Given the nature of this report, it is important to recognize limitations. As a case study detailing one patient experience, the findings are not generalizable. Additionally, we cannot definitively conclude a causal relationship between the therapies and outcome. Ideally, experimental data would be gathered for further conclusiveness and validity. However, given the rarity of this malignancy, a formal prospective study may never be achieved.

In conclusion, this case demonstrated multiple key findings and learning points.
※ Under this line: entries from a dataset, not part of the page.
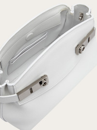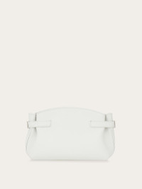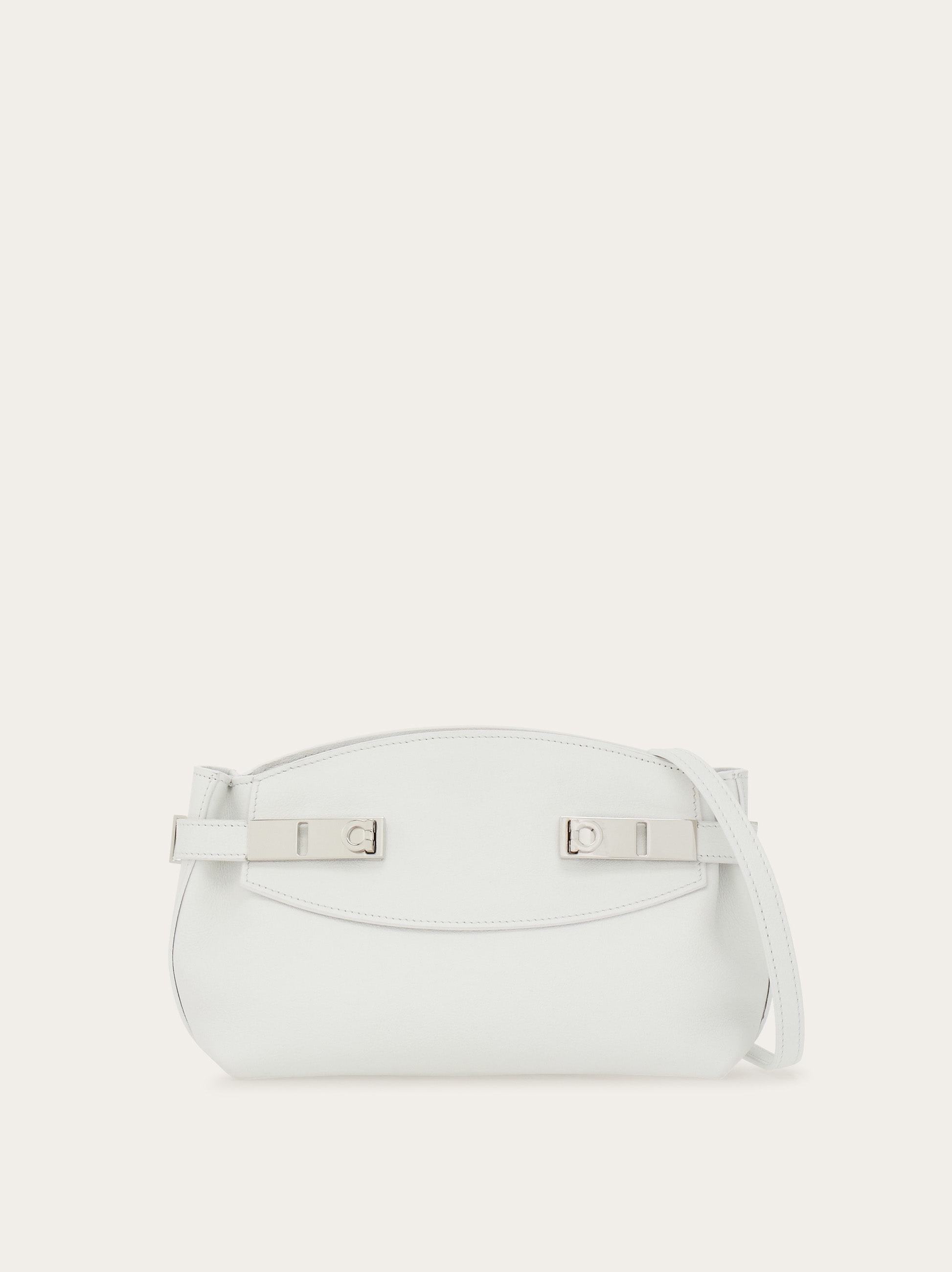Soft, and oh so chic, the compact version of the Hug Pouch will elevate any outfit. The deconstructed shape features side straps that cinch the gussets and clip at the front with two golden Gancio buckles. Practical details include two internal slots for cards and documents and a magnetic clasp. Can be carried as a clutch or worn over the shoulder via the removable strap. - height 5.9 IN length 9.4 IN width 4.7 IN - Composition: calfskin - Made in ITALY - Product code: 215974 768845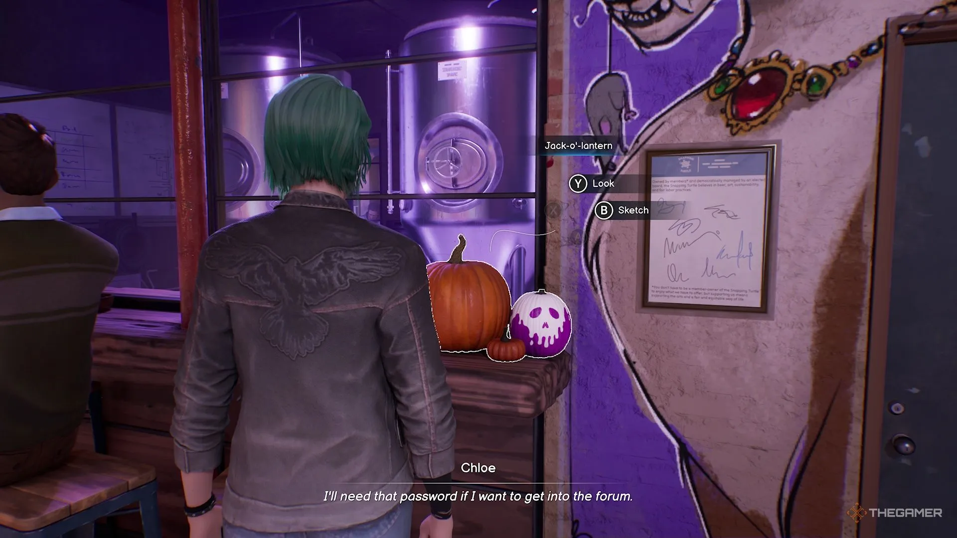 В сцене «Время в «Черепахе»» вы играете и за Хлою, и за Макс. На этапе за Хлою вы исследуете бар «Щелкающая черепаха». Подойдите к тыквам, которые стоят рядом с комнатой, где варят пиво. Светильник Джека (тыква) и станет источником вдохновения.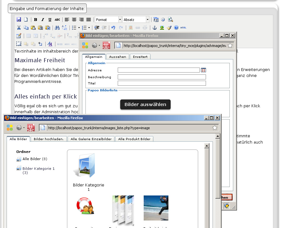 Bei diesen Artikeln haben Sie alle Freiheitsgrade die man sich vorstellen kann. Mit Hilfe unserer starken Erweiterungen für den Wordähnlichen Editor TInyMce© können Sie völlig flexibel Ihre Inhalte auf die Webseite bringen, und das ganz ohne Programmierkenntnisse.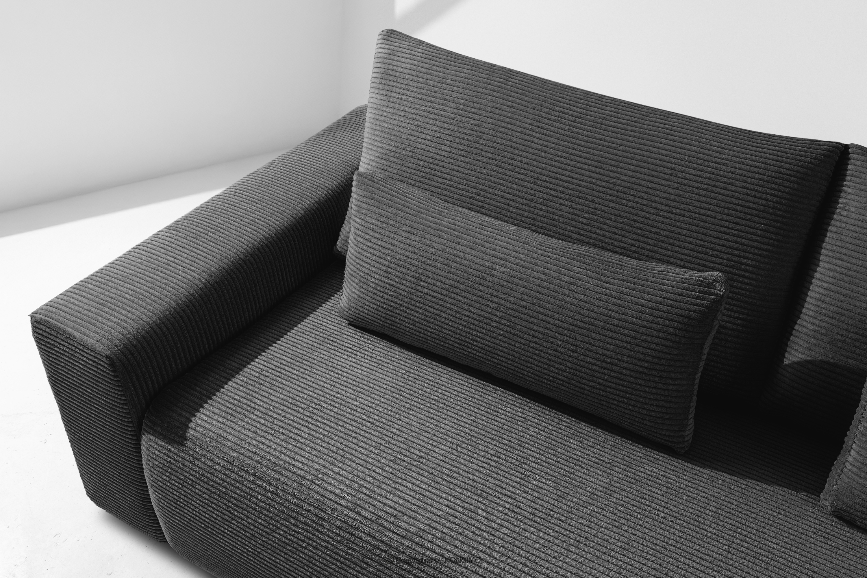 MOLLIS zobacz całą kolekcję Rozkładana sofa z poduszkami tkanina sztruks szary- kolor szary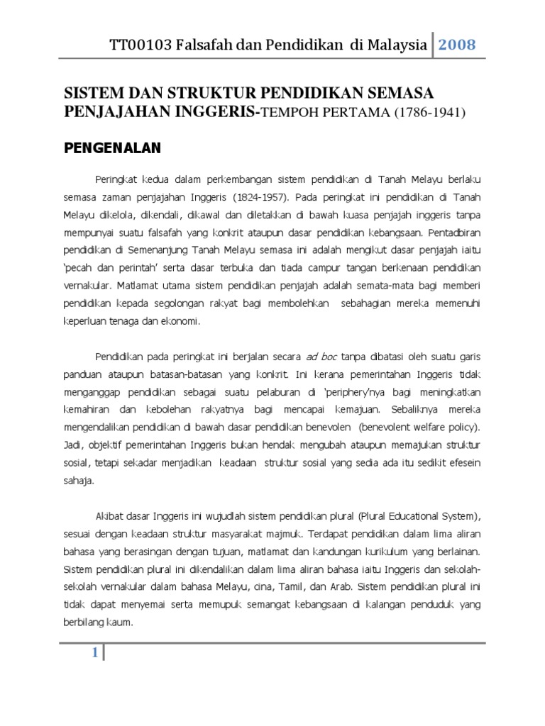 Doc System Pendidikan Malaysia Sebelum Merdeka Kong Xiang Sam Academia Edu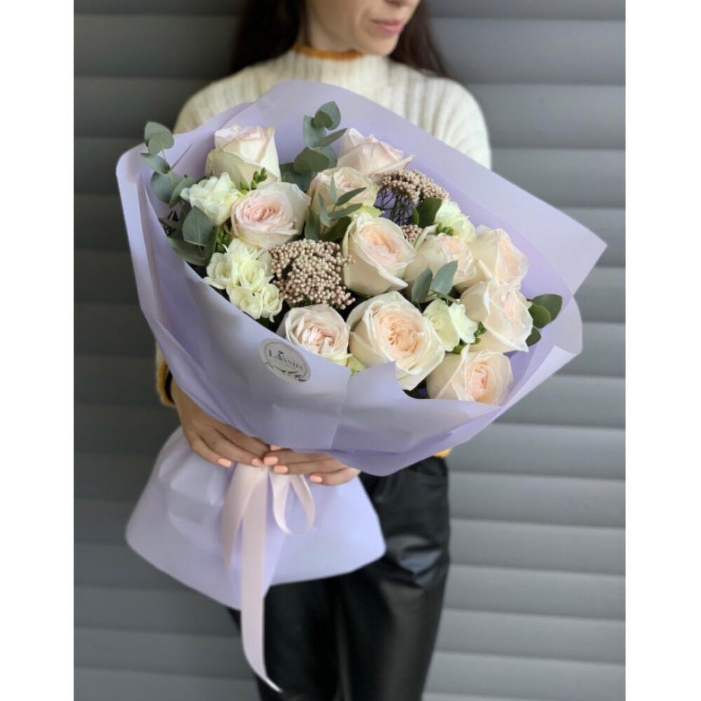 “Эвкалиптическая роскошь” гортензия и пионовидная кустовая роза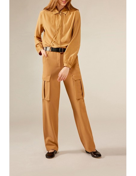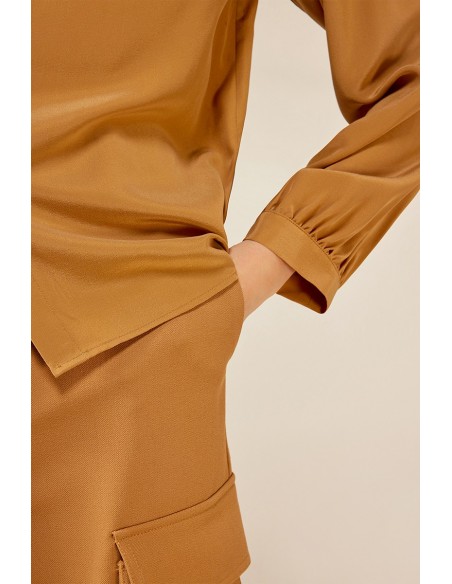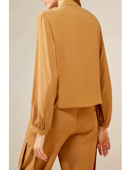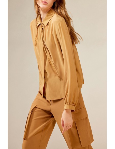 Sumérgete en la elegancia con nuestra camisa de seda, que presenta un refinado cuello y un cordón en el escote para un toque de versatilidad. Los hombros caídos y las mangas voluminosas en la parte inferior crean una silueta única que captura la atención. Con un ajuste regular, esta camisa combina comodidad y estilo de manera perfecta.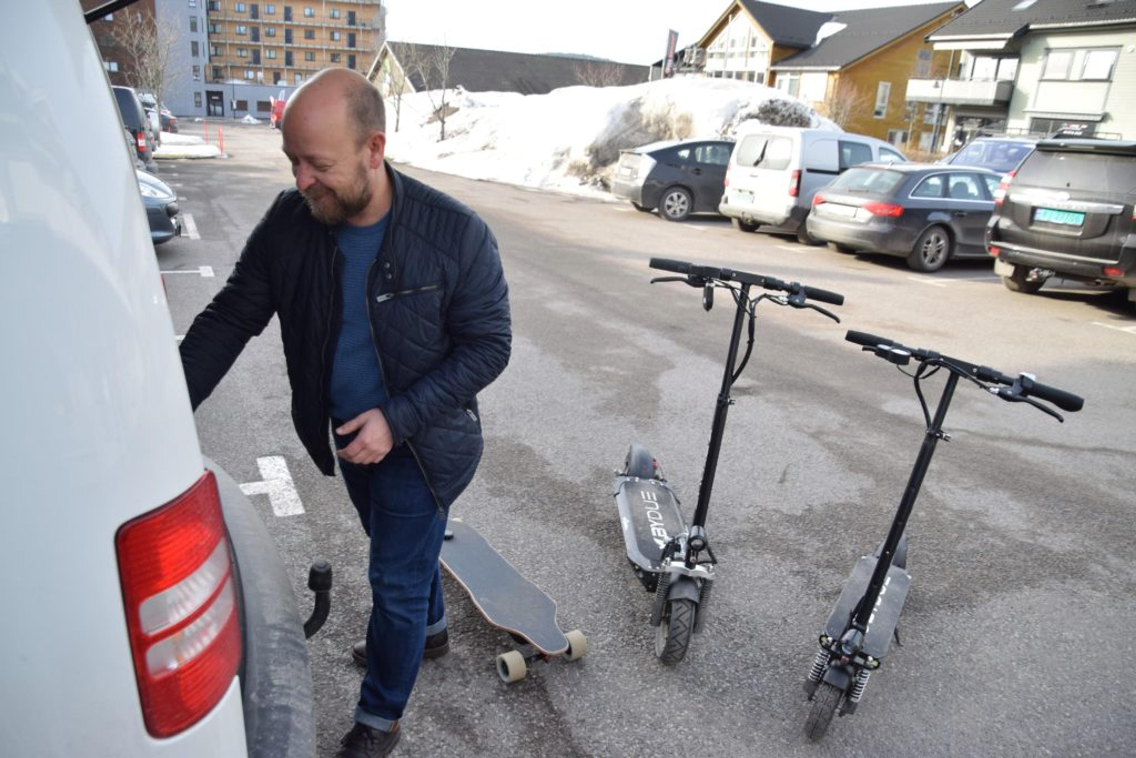 FART OG SPENNING: Tore Henden (47) ramla mer eller mindre over ideen om å satse på elektriske duppedingser – som for eksempel elektriske sparkesykler.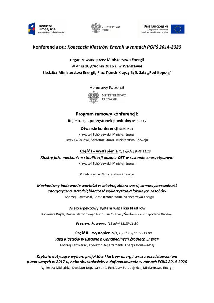 Konferencja pt.: Koncepcja Klastrów Energii w ramach POIiŚ 2014-2020 organizowana przez Ministerstwo Energii w dniu 16 grudnia 2016 r. w Warszawie Siedziba Ministerstwa Energii, Plac Trzech Krzyży 3/5, Sala „Pod Kopułą” Honorowy Patronat Program ramowy konferencji: Rejestracja, poczęstunek powitalny 8:15-9:15 Otwarcie konferencji 9:15-9:45 Krzysztof Tchórzewski, Minister Energii Jerzy Kwieciński, Sekretarz Stanu, Ministerstwo Rozwoju Część I – wystąpienia (1,5 godz.) 9:45-11:15 Klastry jako mechanizm stabilizacji udziału OZE w systemie energetycznym Krzysztof Tchórzewski, Minister Energii Przedstawiciel Ministerstwa Rozwoju Mechanizmy budowania wartości w lokalnej zbiorowości, samowystarczalność energetyczna, przedsiębiorczość wykorzystania lokalnych zasobów Andrzej Piotrowski, Podsekretarz Stanu, Ministerstwo Energii Wieloaspektowy system wsparcia klastrów Kazimierz Kujda, Prezes Narodowego Funduszu Ochrony Środowiska i Gospodarki Wodnej Przerwa kawowa (15 min) 11:15-11:30 Część II – wystąpienia (1,5 godziny) 11:30-13:00 Idea Klastrów w ustawie o Odnawialnych Źródłach Energii Andrzej Kaźmierski, Dyrektor Departamentu Energii Odnawialnej Kryteria dotyczące wyboru projektów klastrów energii wraz z przedstawieniem planowanych w 2017 r., naborów wniosków o dofinansowanie w ramach POIiŚ 2014-2020 Agnieszka Michalska, Dyrektor Departamentu Funduszy Europejskich, Ministerstwo Energii Przykłady funkcjonujących klastrów energii Marek Kolasiński, Prezes Zarządu, Centrum Rozwoju Komunalnego S.A. Tomasz Szmuc, Przewodniczący Rady Partnerów Klastra Zielone Podhale Przerwa kawowa (15 min) 13:00-13:15 Część III - prezentacja, panel dyskusyjny (1,15 godziny) 13:15-14:30 Prezentacja wyników ekspertyzy - Koncepcja funkcjonowania klastrów energii w Polsce Krajowa Agencja Poszanowania Energii S.A. Panel dyskusyjny Prof. dr hab. inż. Jan Popczyk, Politechnika Śląska Bogdan Dobrzeniecki, Ernst & Young sp. z o.o. dr Sławomir Kopeć, Dyrektor Centrum Zaawansowanych Technologii Miasta Przyszłości, Akademia GórniczoHutnicza w Krakowie Mariusz Stachnik, Prezes Zarządu, Mazowiecki Klaster ICT Obiad, rozmowy kuluarowe, zakończenie konferencji ( 1 godz.) 14.30-15.30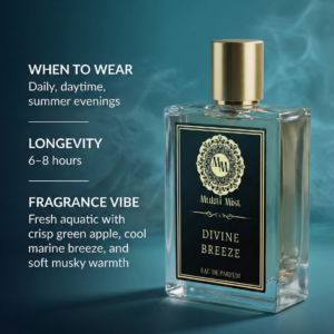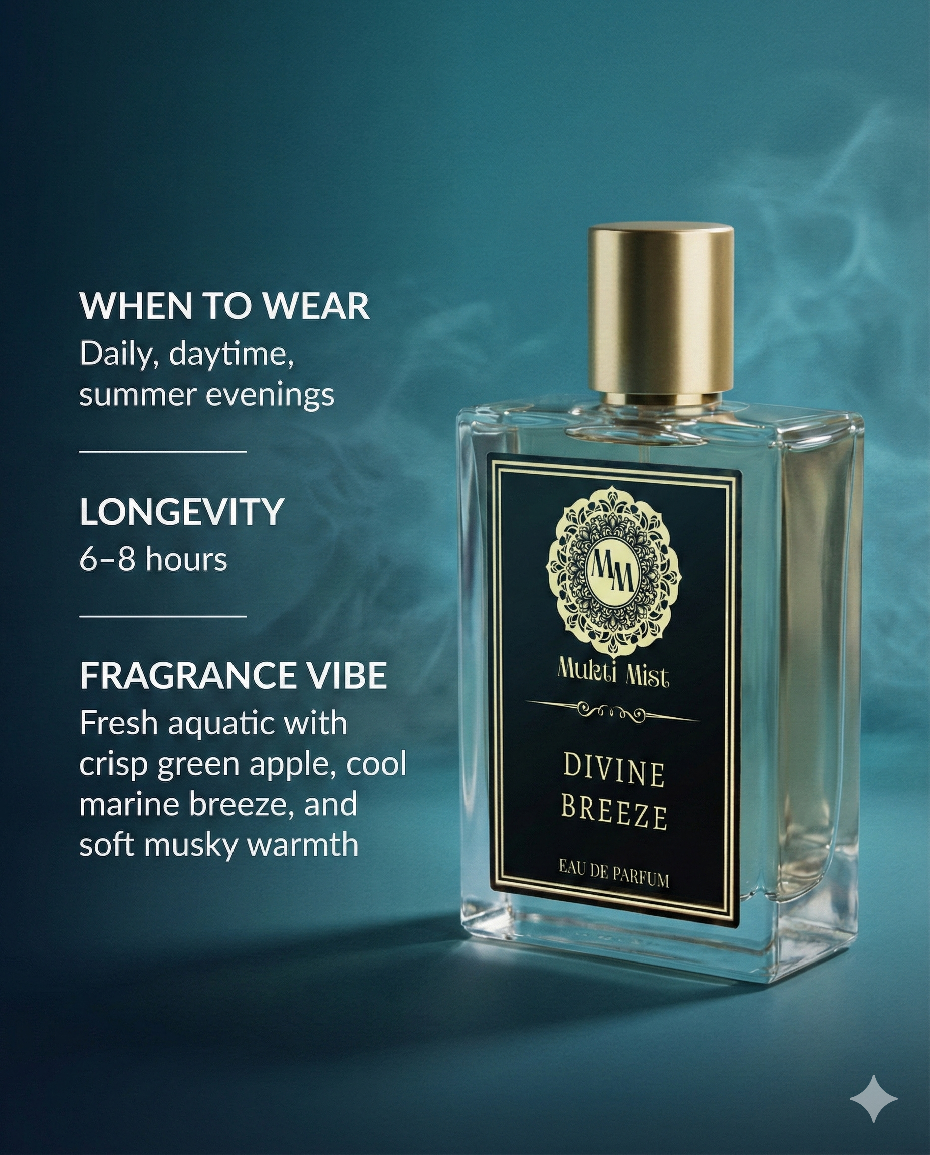 Light yet long-lasting, Divine Breeze is designed for daily wear, daytime outings, and warm summer evenings. It’s an easygoing yet refined Eau de Parfum—perfect for those who prefer freshness with a touch of elegance.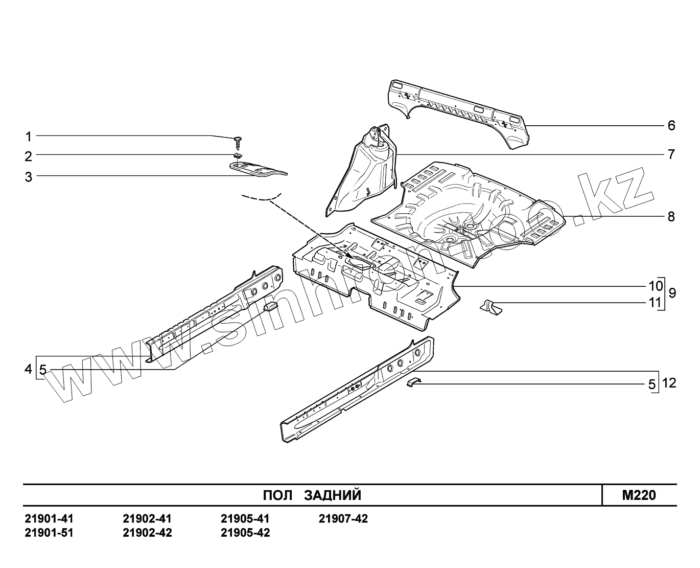 Каталог запасных частей к технике: ВАЗ LADA Granta 2190. M220. Пол задний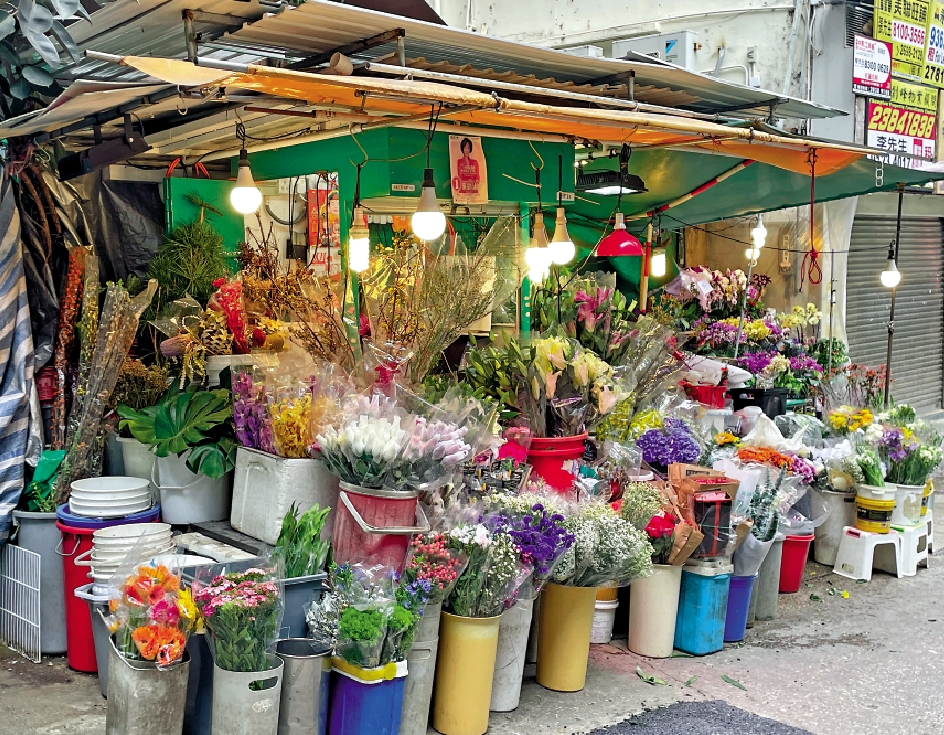 中環結志街2號蘭芳園旁邊,也有花攤將成束鮮花擺放在門口,供人挑選,吸引不少途人駐足買花。在行人腳步匆匆的的中環,這裏可以說是轉角遇到的一點小浪漫。

The use of dual immunotherapy after initial failure of single agent checkpoint inhibitor to treat a rare, aggressive cancer without established treatment guidelines led to a durable response involving irAEs. Also, COX-2 inhibition potentially contributed to this response, illustrating its promise in cancer treatment and the need to explore it further. Finally, this case underscores the importance of recognizing drug toxicity as opposed to true disease progression. In this instance, the patient was originally recommended hospice care with a perceived dismal prognosis when, in fact, her target lesions demonstrated a remarkable response. Due diligence, along with expertise in managing rare immune related adverse events; and recognition of atypical patterns of response is critical in the outcomes of such complex and rare cases.

4 CONCLUSION

We present, to our knowledge, the first case of metastatic sinonasal undifferentiated carcinoma (SNUC) with durable response to dual checkpoint inhibition. In addition, we showed that COX-2 inhibition may augment this response via immunomodulatory effects on IDO1. These therapies deserve consideration as treatment options for future similar cases.

AUTHOR CONTRIBUTIONS

Jonathan Q. Trinh: Writing – original draft (equal); writing – review and editing (equal). Arti Easwar: Visualization (equal); writing – original draft (equal). Robert Galamaga: Visualization (equal); writing – original draft (equal). Alan Tan: Investigation (equal); supervision (lead); writing – original draft (equal); writing – review and editing (equal). Cassaundra Acosta: Validation (equal); writing – review and editing (equal).

CONFLICT OF INTEREST STATEMENT

The authors have stated explicitly that there are no conflicts of interest in connection with this article.

ETHICS STATEMENT

The patient has deceased at the time of this submission, but her medical power of attorney has provided written informed consent for publication of this case, which we can provide at the request of the editors.